Australia's inconsiderate remarks hurt ties

By Yu Jincui Source:Global Times Published: 2013-12-9 0:28:02

Australian Foreign Minister Julie Bishop encountered an unpleasant episode Friday on her first visit to China. Before a formal closed-door meeting in front of international media, Bishop was stunned by a rebuke from her counterpart Chinese Minister of Foreign Affairs Wang Yi. Wang chided Australia for its critical stance on China's establishment of the East China Sea Air Defense Identification Zone (ADIZ), claiming its remarks and actions over the issue jeopardized bilateral mutual trust and "the entire Chinese society and the general public are deeply dissatisfied."

Bishop apparently wanted to play down the issue.
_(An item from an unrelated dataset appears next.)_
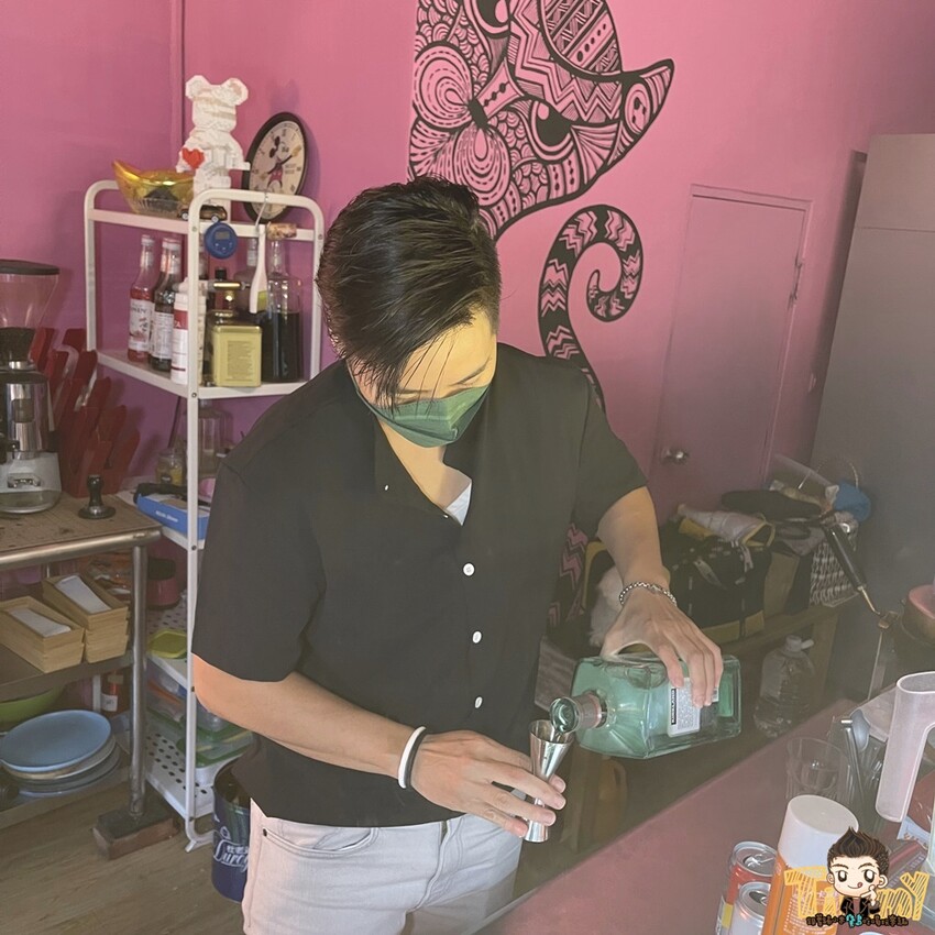 老闆心領意會後就開始製作調酒了,光看這個架勢就很有fu耶

She said Saturday that the spat over the ADIZ only took up "a small portion" of the Friday talks and didn't overshadow a "robust" discussion of a wide range of issues.

Inexperienced a diplomat as Bishop may be, the incident is another indication of Australia's position toward China.

Australian Prime Minister Tony Abbott came to office with a willingness to grow closer ties with Japan and reposition the Australia-Japan relationship, which took a back seat in the previous administration. Abbott referred to Japan as Australia's "closest friend in Asia" after he met Japanese Prime Minister Shinzo Abe during the East Asia Summit meeting in Brunei in October.

The Abbott administration stated they wouldn't take sides between China and Japan over territorial and maritime disputes, but many analysts hold that Australia, in fact, is going too far.

After China established its ADIZ, Australia lined up with the US and Japan to criticize China, and it even summoned the Chinese ambassador to Australia.

Renowned Australian scholar Hugh White argued in an op-ed that Abbott and Bishop failed to comprehend "China's growing power and confidence," at a time when exceptional diplomacy is needed to "avoid further escalating strategic tensions and a growing risk of major war" in the Asia-Pacific region.

As China is the biggest trading partner of Australia, the economic significance of Beijing to Canberra has been fully understood in recent years.

As economic interests are closely related to their interests, the majority of the Australian public doesn't want to see the country drift away from China in terms of the economy due to geopolitical disputes. In addition, China and Australia also deepened their bilateral relationship into a strategic partnership in April.

Australia is not directly involved in the East Asian territorial disputes and it doesn't have direct interests. The question now is whether the Abbott administration will restrain itself and repair the damage made to bilateral relations and not meddle in regional disputes.